Working It O-U-T

Nov 1, 2011 | 2011 Fall - Out in the Workplace, Articles

By Chiquita Violette

Ever since I started my coming out process, deciding whether, when, and to whom I come out to at work has been sort of like dipping my foot into the pool to test the waters. The first job I came out at was a retail store that sold music-themed, alternative, Goth-styled and pop-culture referencing clothing. It was very easy for me to come out there, and I actually did it during my interview. My soon-to-be store manager, Jeremy Henry, was openly gay and he let me know up front that this was an LGBT-friendly company. This fact became really clear to me during Pride Season, when all the rainbow and LGBT-themed clothing was put on display. He told me, when I asked about mentioning him for this newsletter, “Yes, of course girl! …We gotta be proud. We can’t hide anymore. That’s the environment I want for all of my employees. They shouldn’t have to hide themselves in order to make a paycheck. Come as you are.” I have so many happy and hilarious memories working at that store – that’s my family!

For a couple of seasons, I worked at a tax preparation office and came out to two co-workers, one of whom is now a best friend. The other wasn’t so accepting. She was very surprised, and somewhat disapproving. Needless to say, she and I didn’t get along quite as well. To clients that happened to be very out and open or talked fondly about LGBT friends or relatives, I shared that I was also “family” and they seemed to be either very accepting or curious about it. A part of me wanted to be fully out, but at the same time, this particular office was overflowing with drama and I didn’t care too much to have my sexual orientation be a part of the gossip. Also, the waters here weren’t as welcoming as at my retail job. I decided that there are some instances where I don’t have to come out, not because I’m afraid but because I like privacy and I am aware that there are some people who are intolerant and stuck in their ways.

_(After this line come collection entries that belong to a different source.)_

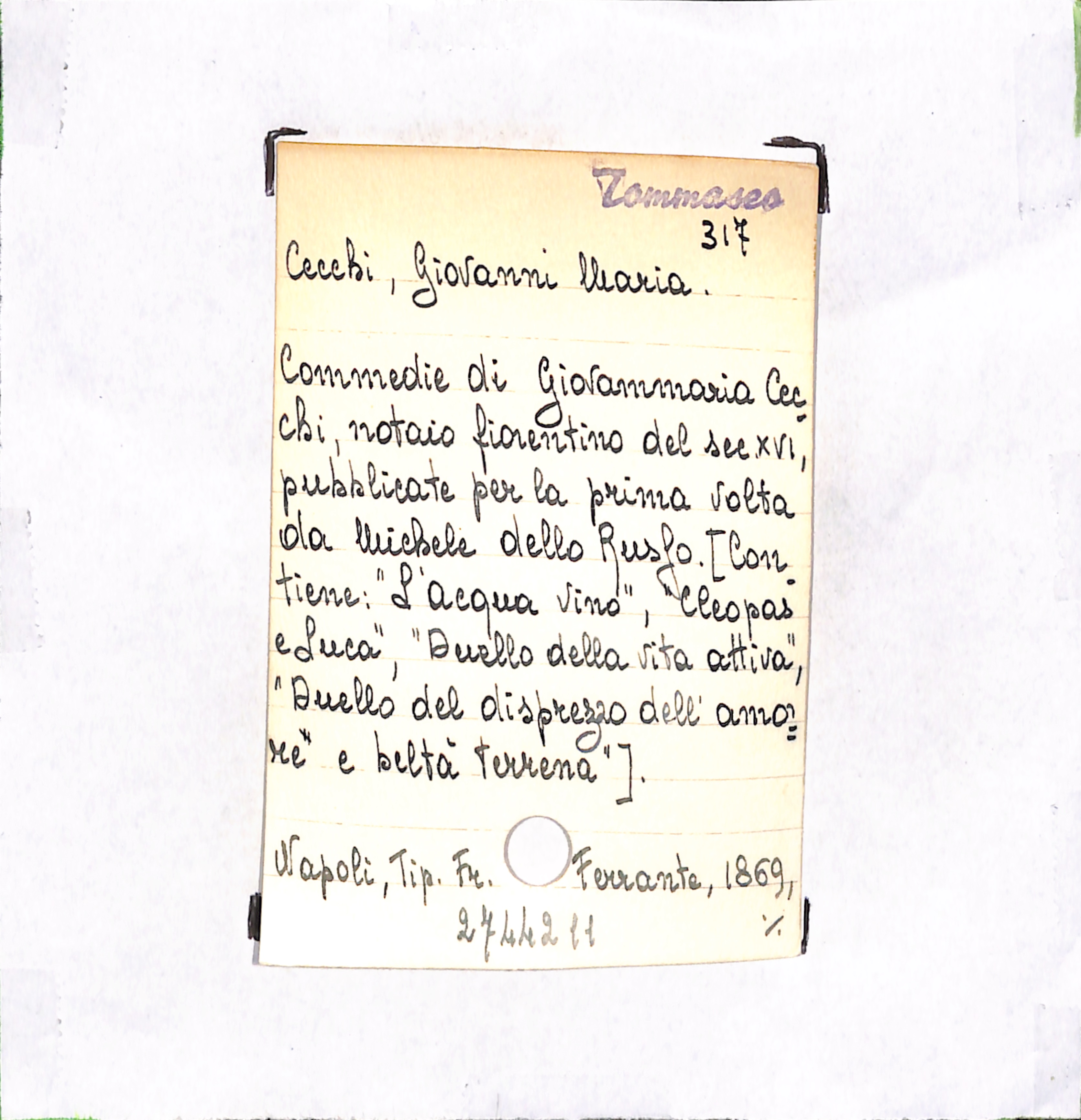 • Commedie di Giovammaria Cecchi, notaio fiorentino del sec XVI, pubblicate per la prima volta da Michele dello Russo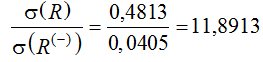 Если знак показателя вносит свою собственную существенную нестационарность, то разделение классической нестационарности на 2 компонента должно приводить к следующим соотношениям: σ(R(+)) ≈ σ(R(–)) < σ(R). Полученные расчетные значения σ(R(+)) = 0,0488, σ(R(–)) = 0,0405, σ(R) = 0,4813 для нашей выборки подтверждают этот факт.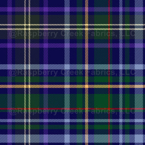 Large dark welsh style tartan. The colors depict the overall vibe of Wales: woods, meadows, sky, waters, bluebells, daffodils and the red dragon. Thinner double yellow and a red line, base colors in blue and green.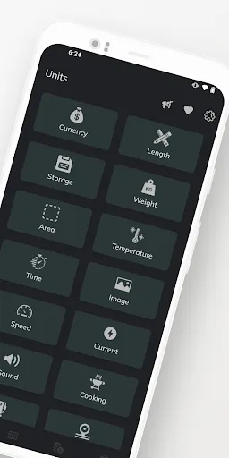 Currency calculator, Length, Storage, Area, Weight, Temperature, Time, Image, Speed, Current, Sound, Cooking, Fuel Consumption, Pressure, Energy, Force, Fuel Efficiency-Mass, Fuel Efficiency-Volume, Heat Density, Heat Capacity, Angle, Resolution, Magnet, Solution, Prefix, Charge, Electric Potential, Inductance, Electric Resistance, Electric Resistivity, Volume, Torque, Inertia, Density, Angular Velocity, Angular Acceleration Viscosity, Flow, Permeability, Concentration, Field Strength, Linear Charge, Surface Charge, Volume Charge etc.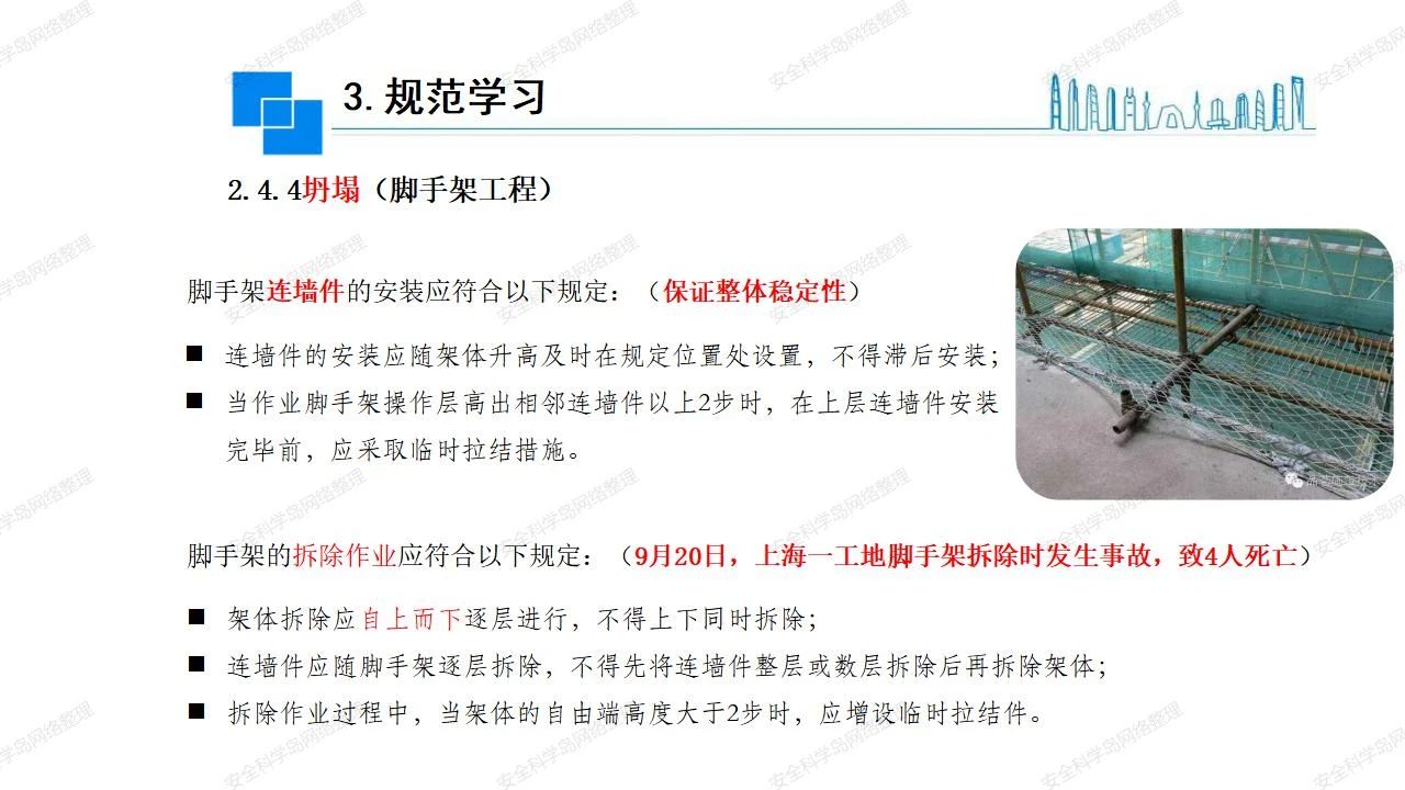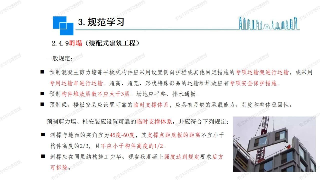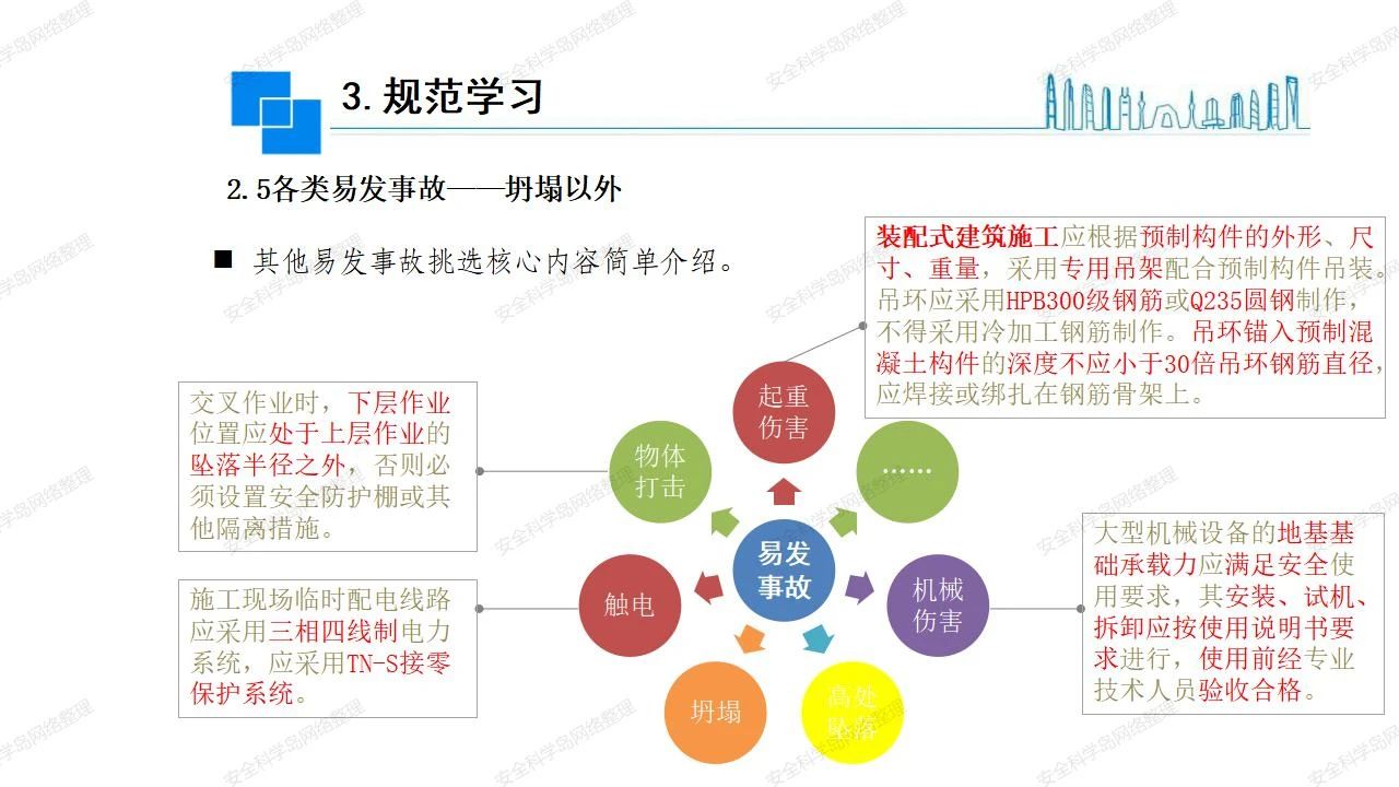 那么,坍塌事故發(fā)生的原因何在? (1)工程結構設計不合理或計算失誤。 (2)施工前沒有編制切實可行的施工組織設計和專項施工方案,未做具體技術安全措施交底,特定施工項目未經(jīng)專家評審論證。 (3)腳手架、模板支撐、起重設備結構設計不合理或計算失誤。 (4)建筑物結構質量低劣,安全性能差,地基不穩(wěn)定,不均勻沉降。 (5)建筑物結構支撐連接(焊接)不牢固,超載、外力沖擊或嚴重偏心載荷造成失穩(wěn)等。 (6)腳手架及高大模板支架架體結構不符合設計與規(guī)范要求,整體安全穩(wěn)定性差、超載或嚴重偏心荷載,遇外力沖擊或振動,不按程序拆除架體等因素造成失穩(wěn)等。 (7)基坑、土石方挖土時土壁不按規(guī)定留設邊坡(甚至負坡度),缺乏支護或支護不良,土質不良或出現(xiàn)地下水、地表水的滲透,土壁經(jīng)不起重載側壓力或遇外力振動、沖擊等因素造成土壁失穩(wěn)滑坡坍塌。 (8)起重設備技術安全性能差,結構強度不夠,安全防護裝置不完善,垂直起重機與建筑物拉結差,出現(xiàn)超載、碰撞、升降過度或違章操作等原因,造成起重設備倒塌。 (9)現(xiàn)場作業(yè)環(huán)境不良,安全防護設施缺乏。 (10)施工現(xiàn)場管理松弛,各項質量、安全管理制度流于形式。 (11)片面追求經(jīng)濟利益,偷工減料,施工質量差。 (12)施工隊伍素質差,不執(zhí)行法規(guī)、標準,違章指揮、違章作業(yè),思想上存在盲目性、冒險性、隨意性。 如何預防坍塌事故? (1)根據(jù)設計與規(guī)范要求,認真編制施工組織設計和專項施工技術方案、應急預案,做好特定施工項目專家評審論證及技術安全交底工作。 (2)支架、腳手架等搭設完成后應組織相關部門驗收。支架還應按方案要求進行堆載預壓。 (3)嚴格控制模板支架、腳手架等承受的荷載,模板、腳手架及其支撐體系的施工荷載應做到均勻分布,并不得超過設計要求。嚴禁超載、對構筑物進行外力沖擊或偏心載荷。 (4)基坑、土石方挖土時土壁按規(guī)定留設邊坡,嚴格按照設計坡度進行放坡開挖,進行有效支護和排水,并設置專人對邊坡穩(wěn)定性進行檢測。基坑應基坑頂邊緣1m范圍內(nèi)禁止堆放材料。 (5)加強起重設備的采購管理,嚴禁使用不合格的起重設備,并定期進行檢測,確保各項性能和安全防護裝置良好;加強起重設備的安裝、拆除管理;加強起重設備的使用管理,嚴禁超載、碰撞或違章操作;加強對起重設備操作人員、指揮人員、安拆人員的安全教育培訓,考核合格后持證上崗。 (6)加強施工現(xiàn)場管理,設置有效安全防護設施。 (7)加強對從業(yè)人員的培訓教育,提高隊伍素質,強化質量、安全意識。 (8)強化工程質量報驗和檢驗、簽證制度,不經(jīng)檢驗合格,不準進行下道工序施工。 (9)發(fā)現(xiàn)坍塌事故的險情,要認真分析原因,積極研究提出排除隱患的整改措施,并監(jiān)督執(zhí)行。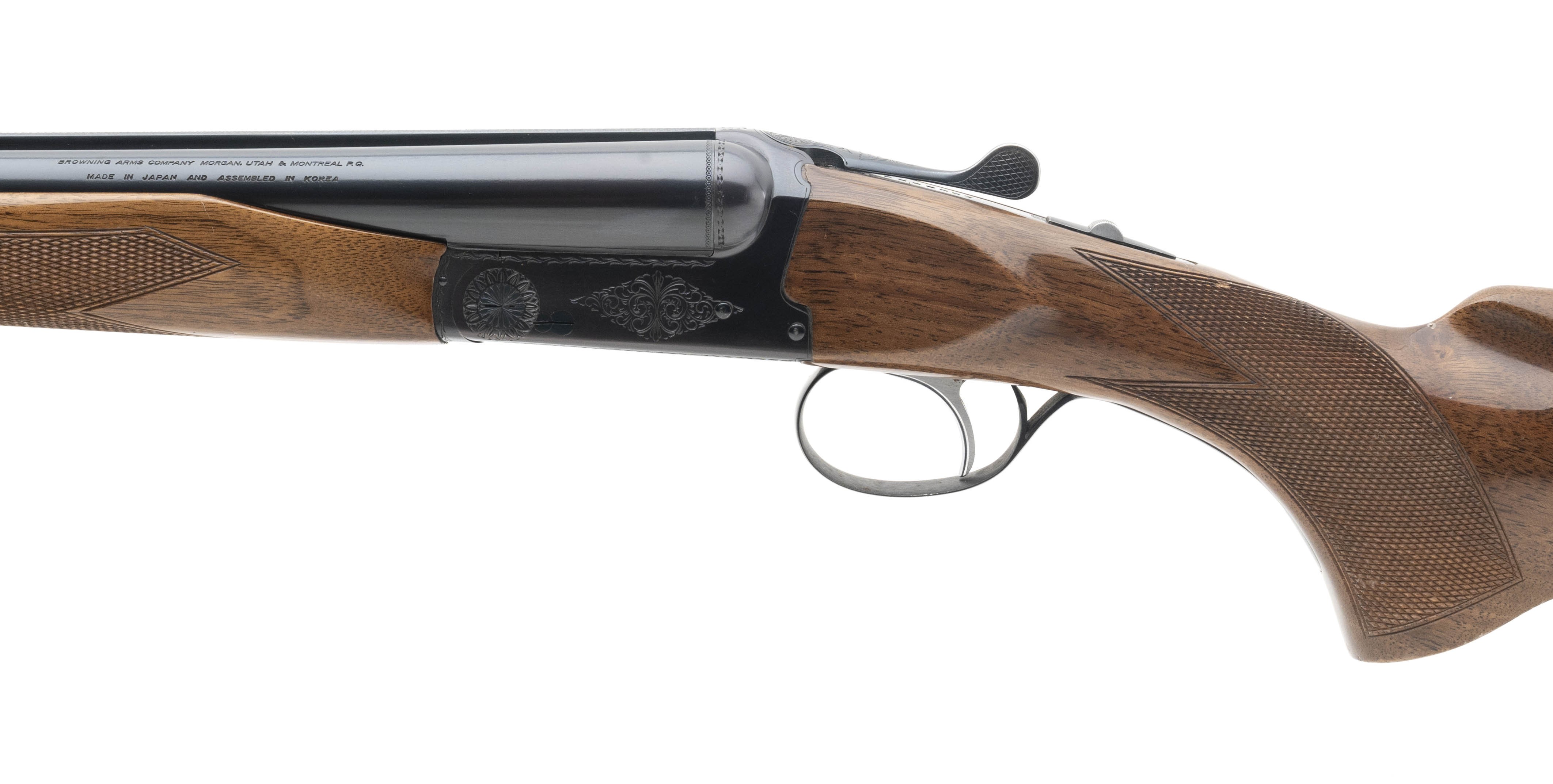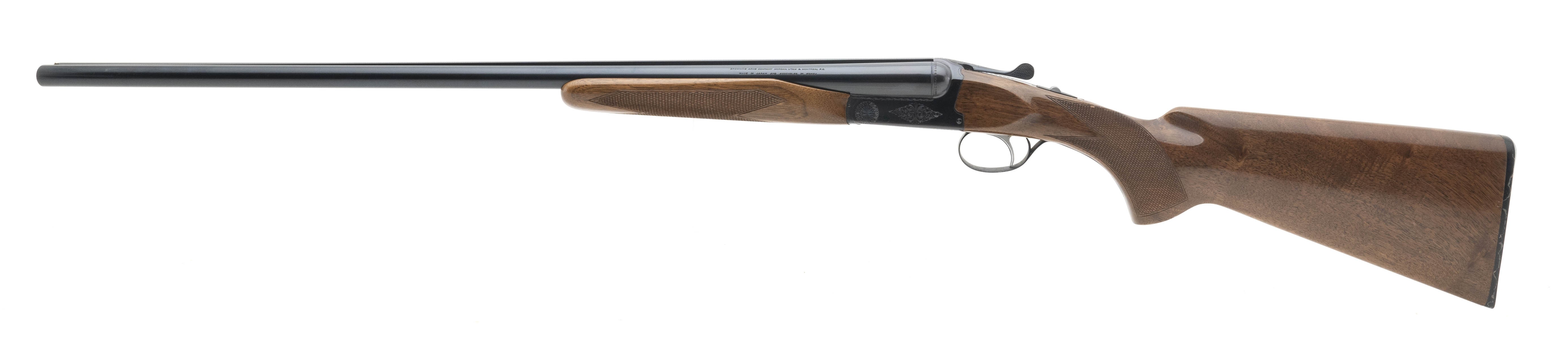 SN: 6956B57. Circa 1980s. Desirable 20 gauge with a 28" barrel, bore is excellent. LOP is 14.25". Sporting side by side shotgun with blued barrel, engraved receiver and walnut stock. Overall condition is very good with hunting wear.

Through these experiences, I learned that picking and choosing seems to be the best way for me to out myself at work. I survey my surroundings to see if there might be out and open members of the LGBT family. I recently took a training class for my new job. On the first day, one woman shared that she was a femme lesbian who loves studs and bois. I almost immediately came out to her. At lunch she and I got together with Paloma, another coworker, and talked about sexual orientation and who else at work is queer-identified. Paloma, a straight ally, told us that her best friend is a pre-op, male-to-female transgender. We also have an openly gay man in our class and everyone seems accepting. As the weeks went on, a few more women in our training class have expressed that they too have had relationships with women, though most of them are currently in relationships with men. So, far there seems to be quite a few of us at this company who are out and the place seems quite LGBT-friendly. I’m very glad about that. Work can be stressful enough without having to worry about being harassed or hated just for being who you are. I prefer and enjoy work more in a “come as you are” setting.

Chiquita is a working it o-u-t, proud, bi woman in Dallas, TX, a friend of former boss Jeremy Henry, and an avid fan of his Haus of Glitch music.